In regards to anxiety factors, we did not confirm the previous results on adult patients, which showed that items related to both somatic and psychic anxiety were loaded in one common factor [47,52,53]. Our results align with other studies that identified two separate factors of somatic and psychic anxiety [33,46]. In the study by Pancheri et al. (2002), the gastro-intestinal item was loaded on two factors: somatic anxiety/somatization. Together with weight loss, they formed a separate factor 4—anorexia [54]. The insomnia items in adult samples were often extracted in a single factor [33,46,52,55,56]. In our analysis, insomnia was related to somatic anxiety, but the insomnia items, similarly to adult patients, had the highest loadings.

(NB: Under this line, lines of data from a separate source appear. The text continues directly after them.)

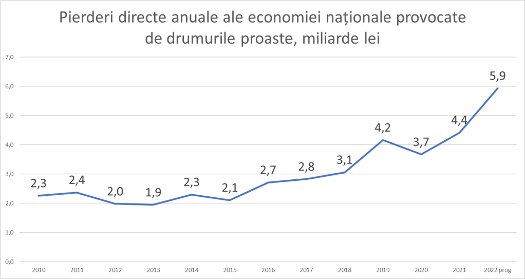 Drumurile proaste, cresc costurile de transport atât a bunurilor cât și a persoanelor. Costurile suplimentare sunt determinate de consum excesiv de produse petrolier, staționare în trafic, reparații suplimentare a unităților de transport, precum și alte cheltuieli. Calculele noastre arată că în acest an pierderile directe ale agenților economici și ale populației determinate de drumurile proaste se vor ridica la 5,9 miliarde lei. Aceste pierderi sunt determinate în cea mai mare parte de plăți suplimentare pentru combustibilul utilizat și reparațiile suplimentare ale unităților de transport.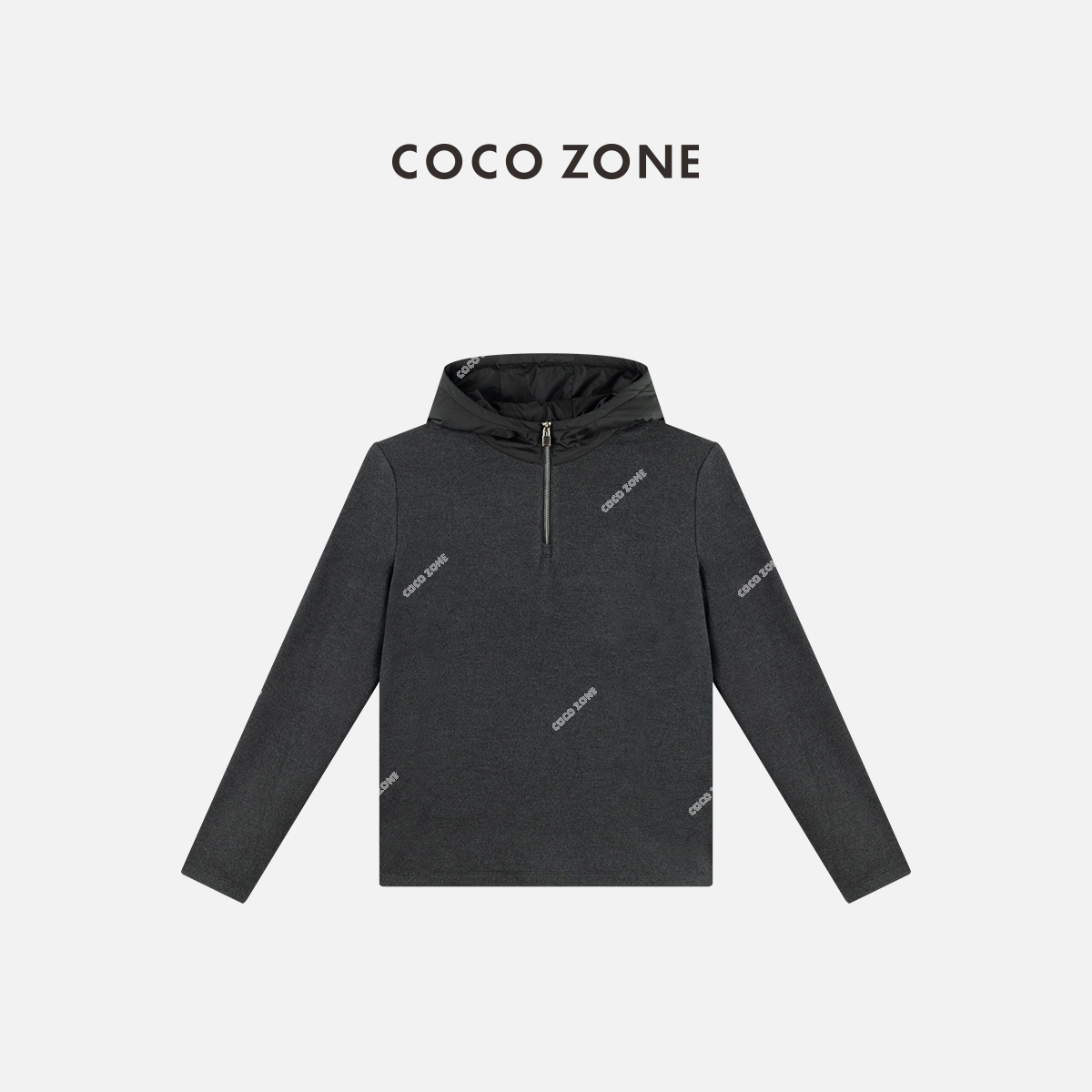 COCO ZONE 设计感简约半开领T恤气质连帽女上衣CC2C1895
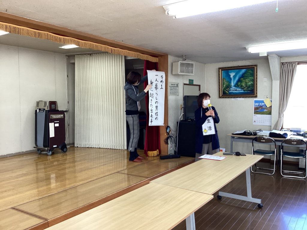 (一人暮らしの高齢者、お父さん、お母さん、隣人は高杉会の方々が熱演してくれました)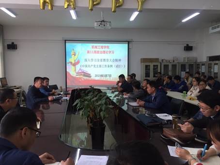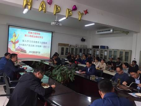 按照校党委宣传部2019年上半年政治理论学习计划安排,5月7日下午,机械工程学院在SY5211会议室开展了第十一周政治理论学习活动,学习内容为“全省教育大会精神”和《中国共产党支部工作条例(试行)》,院领导班子成员及全体教职工参加学习活动。会议由院长谷礼新主持。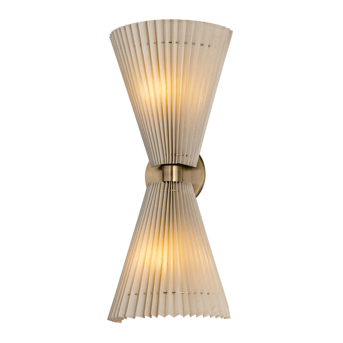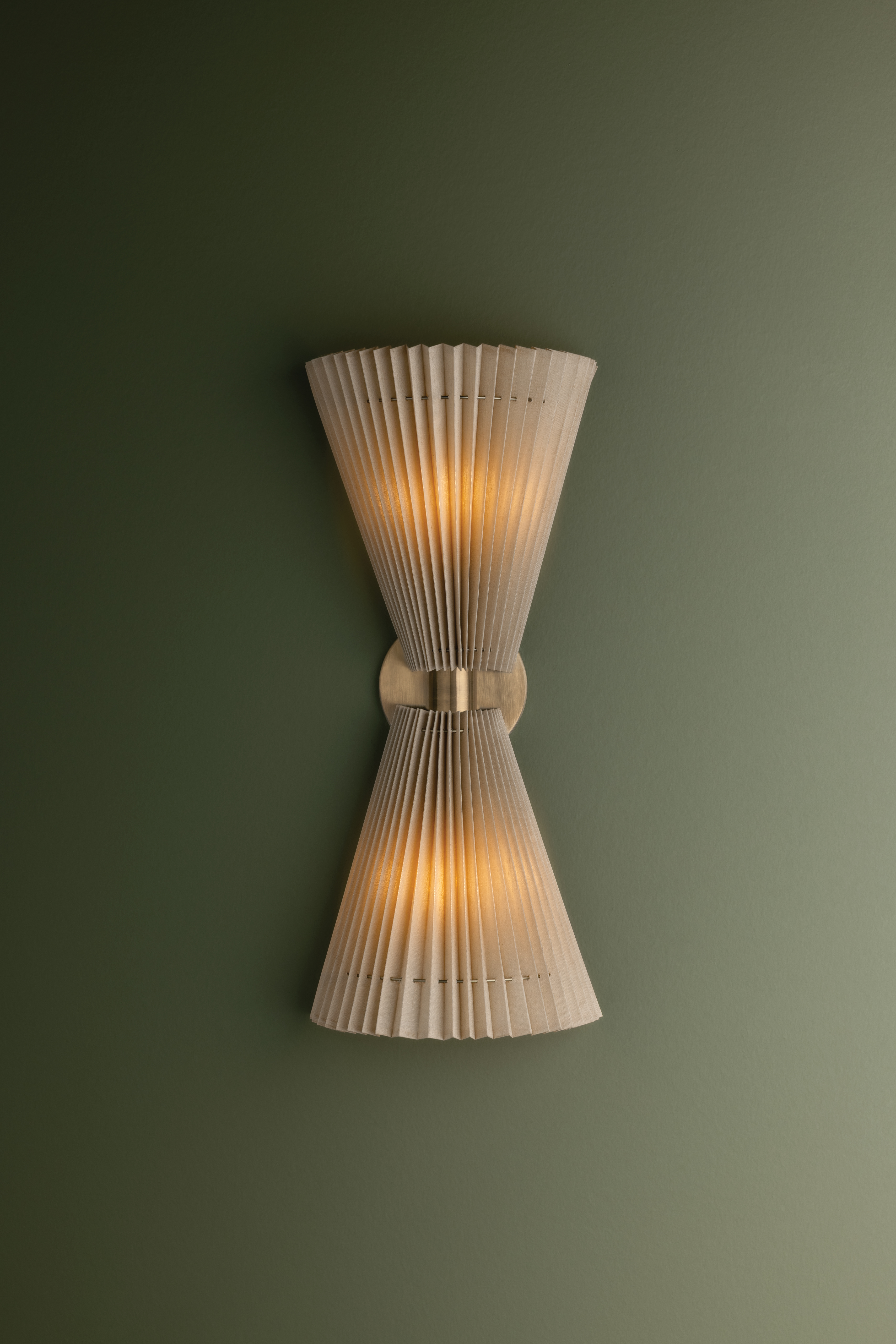 Simultaneously soft and architectural, the Dell sconce pulls from vintage references of artful pleats and fan-like shapes. Available in a single or double light, the faux silk shades are gathered by thin metal rods that run through the shades, creating a natural, slightly irregular draping. The Patina-Brass finish of the hardware adds to the antique feel of this elegant wall light.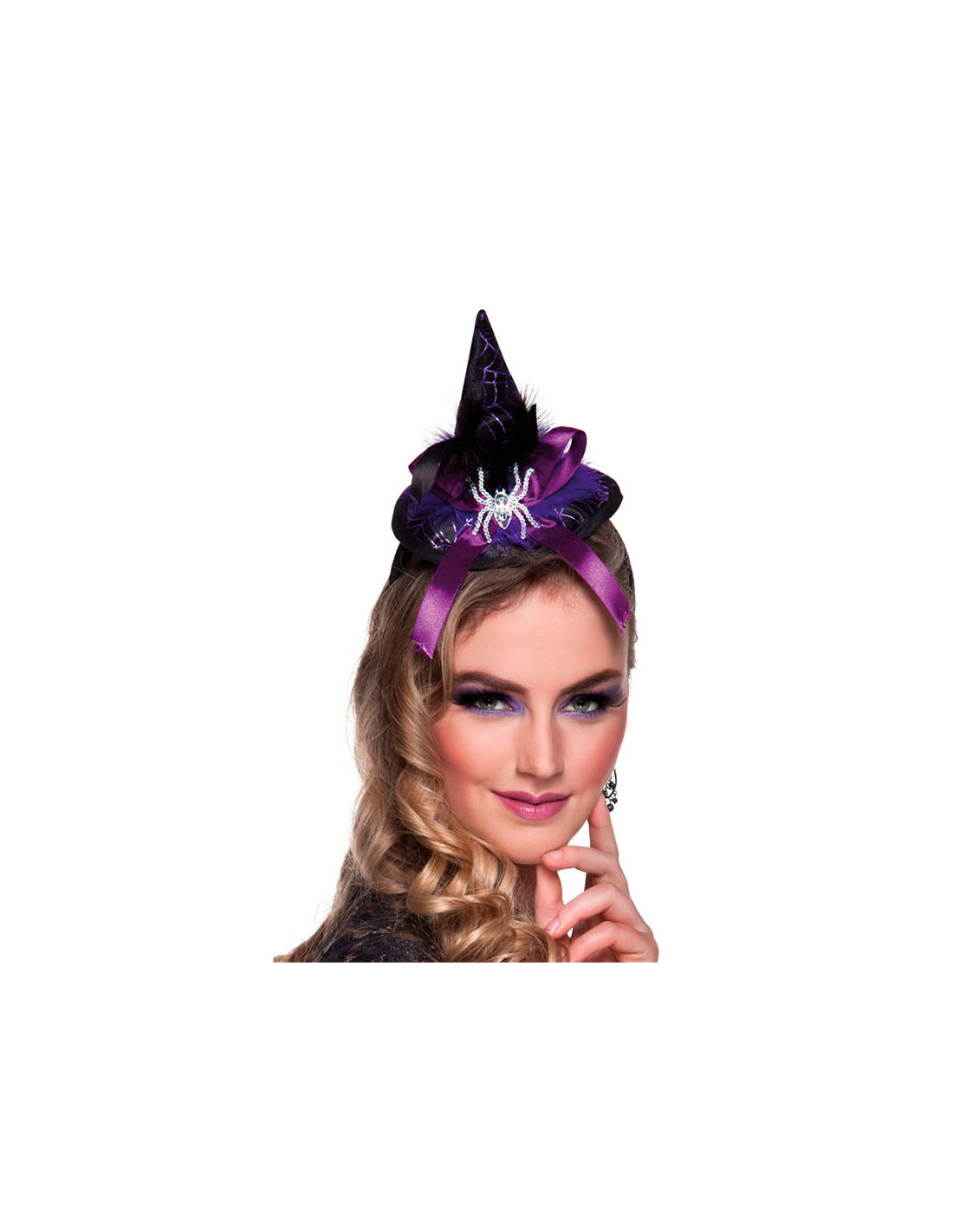 Elegante mini sombrero de bruja morado para completar tu disfraz de hechicera o bruja en halloween. Dale un toque chic a tu disfraz.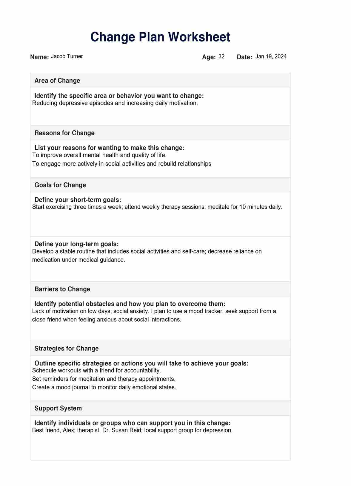 Explore our Change Plan Worksheet, a vital tool for addiction recovery and mental health, aiding clients in creating structured, personal change strategies.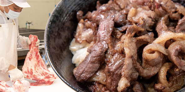 「津山名物そずり肉を自分で作ってみよう!」では、津山の方言で「削る」を意味する「そずる」から名づけられたそずり肉の調理を体験できます。肉マイスターの指導のもと、生の骨付き肉をそずって、焼いて、ご飯にのせて味わいます。

4.2. Correlations between the HDRS-17 Dimensions and BIS-11

The relationship between the impulsivity trait and depression among adolescents is still unclear because impulsivity has different facets. Attentional, motor, and non-planning impulsiveness were examined in this study. The BIS-11 scale was initially created for adult participants, but previous studies confirmed that it could be used in younger patient populations [57,58]. Earlier research on adolescent patients found significant and positive correlations between depressive symptoms and different impulsivity subtypes [37,38]. In our study, positive correlations between non-planning impulsivity and dimension 2 of the HDRS were observed, which consist mainly of disturbances in thinking as suicidality and guilt. Non-planning impulsivity could be defined as a “lack of future orientation” [45]. Previous studies indicated that non-planning impulsivity was correlated with decision-making processes in euthymic bipolar patients [59], and that this had a strong negative effect on adherence to medication in patients with mood disorders [60] as well as treatment dropout [61]. Poor self-esteem and interpersonal problems that are observed frequently in young patients seem to be more related to higher non-planning impulsivity and depression than to attentional and motor impulsivity subtypes [62]. Such results may indicate that depressive symptomology may influence impulsivity among younger patients via an inability to plan and a greater fixation on present thoughts and feelings, which may be a risk for suicidality. In contrast to the above, Khemakhem et al. (2017) found that impulsivity was not correlated with clinical features such as suicide attempts [63]. However, they compared 25 adolescents with MDD and 75 controls; a small study group could modify such results. Askénazy et al. (2003) reported that both impulsive and anxious young patients had more severe risk behaviors than the control sub-groups [64].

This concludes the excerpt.